* _BRIEF_: Restate the listing below word for word, pictures excluded.

* _DATA TO PROCESS_:
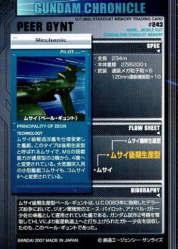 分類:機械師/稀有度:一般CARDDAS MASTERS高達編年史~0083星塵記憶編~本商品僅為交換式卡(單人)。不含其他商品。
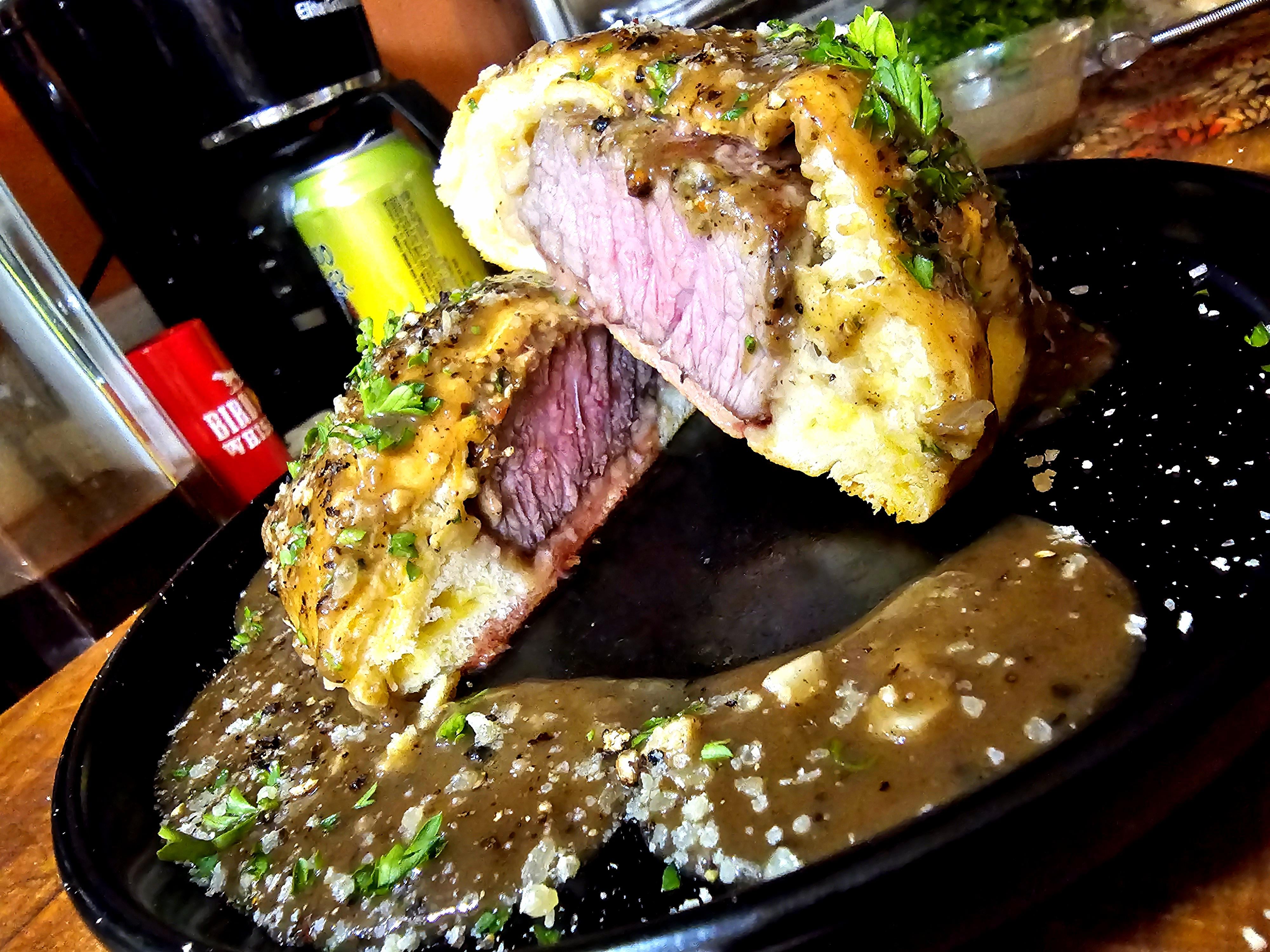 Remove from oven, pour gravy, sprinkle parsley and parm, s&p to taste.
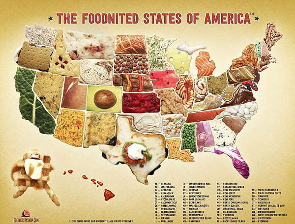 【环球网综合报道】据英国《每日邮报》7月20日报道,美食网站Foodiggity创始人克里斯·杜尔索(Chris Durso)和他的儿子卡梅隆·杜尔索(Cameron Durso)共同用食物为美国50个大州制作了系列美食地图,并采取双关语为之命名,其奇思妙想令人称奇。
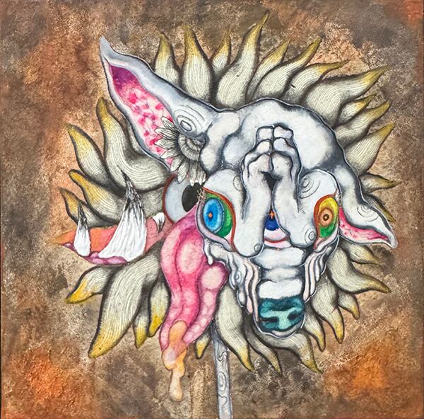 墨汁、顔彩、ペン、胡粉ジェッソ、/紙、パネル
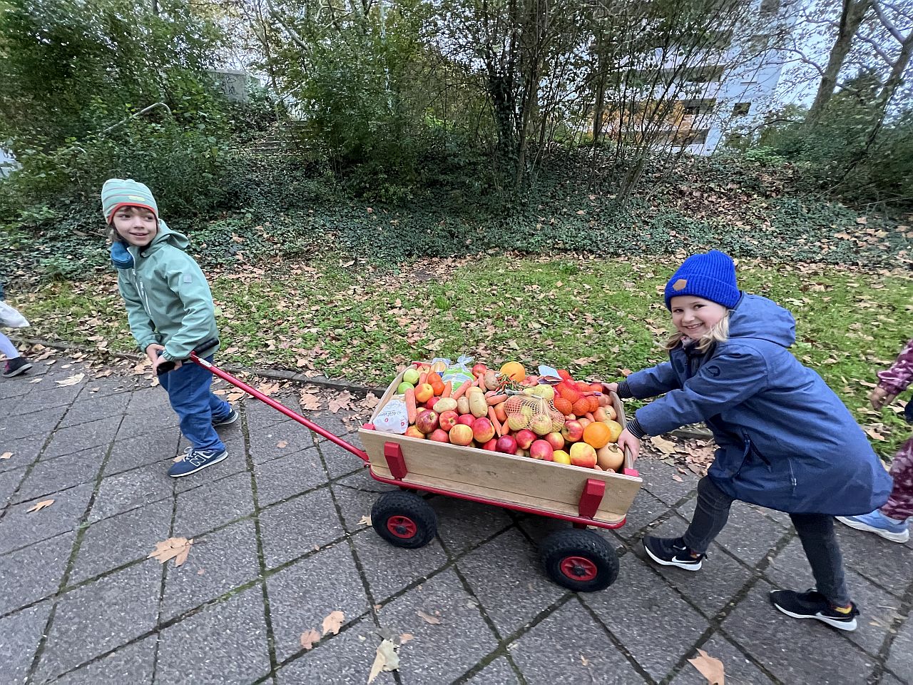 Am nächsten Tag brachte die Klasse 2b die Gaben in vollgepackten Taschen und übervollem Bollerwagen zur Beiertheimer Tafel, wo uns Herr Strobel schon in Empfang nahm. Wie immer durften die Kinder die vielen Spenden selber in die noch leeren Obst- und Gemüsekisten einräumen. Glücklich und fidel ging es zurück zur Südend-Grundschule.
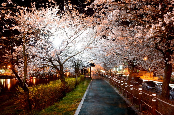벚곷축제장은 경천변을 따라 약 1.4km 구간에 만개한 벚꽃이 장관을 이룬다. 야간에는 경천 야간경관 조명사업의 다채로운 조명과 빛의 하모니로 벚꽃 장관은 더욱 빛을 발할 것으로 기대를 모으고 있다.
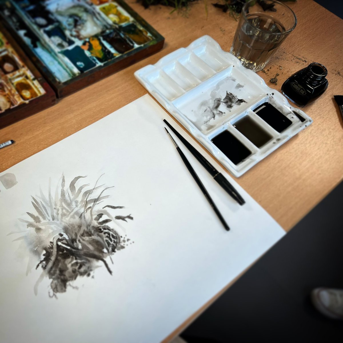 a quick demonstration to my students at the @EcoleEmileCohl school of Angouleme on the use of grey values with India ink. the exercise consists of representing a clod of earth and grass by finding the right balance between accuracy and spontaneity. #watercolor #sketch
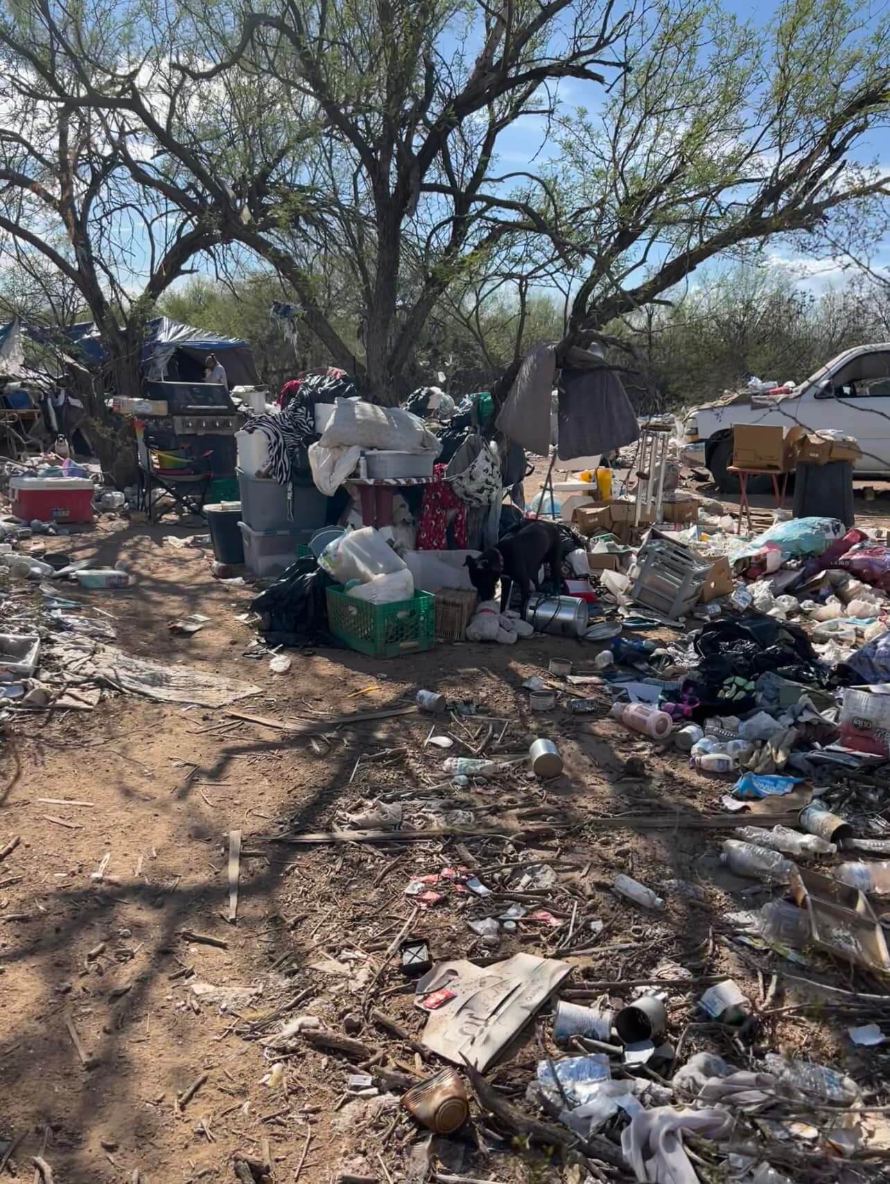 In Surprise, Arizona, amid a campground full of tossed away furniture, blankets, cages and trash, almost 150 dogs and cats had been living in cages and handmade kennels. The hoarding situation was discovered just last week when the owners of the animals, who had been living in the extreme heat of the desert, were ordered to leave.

* _COMPLETED EXERCISE_:
 分類:機械師/稀有度:一般CARDDAS MASTERS高達編年史~0083星塵記憶編~本商品僅為交換式卡(單人)。不含其他商品。
 Remove from oven, pour gravy, sprinkle parsley and parm, s&p to taste.
 【环球网综合报道】据英国《每日邮报》7月20日报道,美食网站Foodiggity创始人克里斯·杜尔索(Chris Durso)和他的儿子卡梅隆·杜尔索(Cameron Durso)共同用食物为美国50个大州制作了系列美食地图,并采取双关语为之命名,其奇思妙想令人称奇。
 墨汁、顔彩、ペン、胡粉ジェッソ、/紙、パネル
 Am nächsten Tag brachte die Klasse 2b die Gaben in vollgepackten Taschen und übervollem Bollerwagen zur Beiertheimer Tafel, wo uns Herr Strobel schon in Empfang nahm. Wie immer durften die Kinder die vielen Spenden selber in die noch leeren Obst- und Gemüsekisten einräumen. Glücklich und fidel ging es zurück zur Südend-Grundschule.
벚곷축제장은 경천변을 따라 약 1.4km 구간에 만개한 벚꽃이 장관을 이룬다. 야간에는 경천 야간경관 조명사업의 다채로운 조명과 빛의 하모니로 벚꽃 장관은 더욱 빛을 발할 것으로 기대를 모으고 있다.
 a quick demonstration to my students at the @EcoleEmileCohl school of Angouleme on the use of grey values with India ink. the exercise consists of representing a clod of earth and grass by finding the right balance between accuracy and spontaneity. #watercolor #sketch
 In Surprise, Arizona, amid a campground full of tossed away furniture, blankets, cages and trash, almost 150 dogs and cats had been living in cages and handmade kennels. The hoarding situation was discovered just last week when the owners of the animals, who had been living in the extreme heat of the desert, were ordered to leave.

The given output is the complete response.